Okay so I think I understand the gist of what he is getting at and it does hold roughly true.
There are a few problems with the proposition:
1) All humans operate this way. This has little to do with programming and everything with being a social animal.
We have done experiments to show this dramatically, there are videos on youtube. If you want to see a dramatic example of the difference between how our brains are engineered vs other animals look for videos on chimpanzee / human high compliance experiments.
The difference between humans and chimps is a stark one. Chimps are far more independent than us and can reason through various problems specifically designed for their cognitive design far far far quicker than we can. Humans on the other hand are HIGHLY HIGHLY COMPLIANT. Somewhere in our evolutionary past we traded away high levels of cognitive independence for high levels of social compliance because our survival strategy started to favour groups that had high abilities for collaboration.
All that he is saying is that we are a highly collaborative species and our brains are designed to be weakly independent highly submissive to the social requirements of the group. This is what allows us to build technology and civilizations and chimps still live in the forrest and play genocide wars with competing groups for survival.
2) When he says " you cannot talk to these brainwashed people " ... well that kind of misses the point. Humans don't have conversations. We have complicated social rituals that are primarily centered around negotiating temporary and permanent alliances with various groups of humans in order to exchange the labour of our alliance for the resources of the group. Every conversation is a kind of trade, very frew conversations happen where there is just a pure exchange of information where any actual data processing happens.

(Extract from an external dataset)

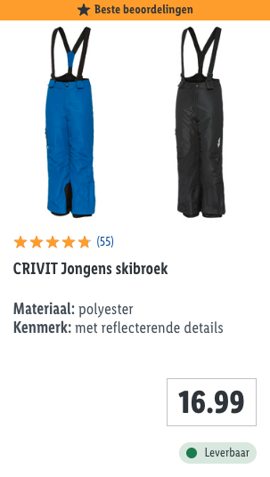De Lidl skikleding is vooral interessant voor kinderen die jaarlijks uit hun wintersportoutfit groeien. Op deze manier kun je snel en voordelig nieuwe winterkleding voor ze aanschaffen. Er zijn verschillende modellen, kleuren en soorten skikleding beschikbaar bij Lidl, dus er is voor elk wat wils. Maar, Lidl biedt niet alleen skikleding voor de wintersport. Ze hebben ook skihelmen en handschoenen in het assortiment. Neem snel een kijkje! Wellicht vind je hier ook iets dat bij jou past.

It's even worse than that, when we have conversation, we almost never actually process the information on the spot. Instead we store it and walk around with it for a while and eventually figure out how or if to integrate it into the database sitting in our head.

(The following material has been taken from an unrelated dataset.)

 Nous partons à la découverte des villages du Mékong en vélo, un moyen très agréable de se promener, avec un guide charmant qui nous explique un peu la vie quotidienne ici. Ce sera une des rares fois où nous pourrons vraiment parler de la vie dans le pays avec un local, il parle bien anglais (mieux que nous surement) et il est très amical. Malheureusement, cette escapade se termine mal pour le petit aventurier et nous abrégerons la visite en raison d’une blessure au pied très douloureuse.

So, no, you aren't going to change anyones mind in a conversation. Partially because of the economics of thought. Partially because we are a highly compliant species. But probably also because you need high group cohesion during times of war. You cannot go to war if your troops are independently minded, you can only go to war if everyone in the group can be brainwashed into a singular direction because the reality is most of them are going to die. We come from those that survived these wars and who passed on their cognitive abilities to integrate into war parties.
3) He fails to mention that in a highly compliant species, those that control the structures that individuals finds them selves in will control the alliance / belief systems of those in that system.
We may not be able to control / change what people think in a conversation, but you can control the landscape of information people are surrounded by and people will reflect those beliefs.
This is how advertising and propaganda works. Build a gilded cage for the animal and surround it with consistent messaging and you can get the animal to do anything you want.
It's pretty straight forward.
4) This is why places like this exist and this is why people on facebook believe what they believe. Everyone here got yanked out of the matrix in their own way, but we are here because we control the messaging and framing and it suits our needs.
Anyone whose brain is calibrated to a set of social expectations that you find on Facebook will find it difficult to unplug because it takes time and a bit of work.
But, it can be done. This is why the left is fighting so hard to gain institutional control, because they know institutional control means you control the messaging which means you control what people believe.
I'm not sure if he is lying, but it sure feels like he is putting english on the cueball, it's not like this is new knowledge. Civilization has been playing these games for 50 000 years.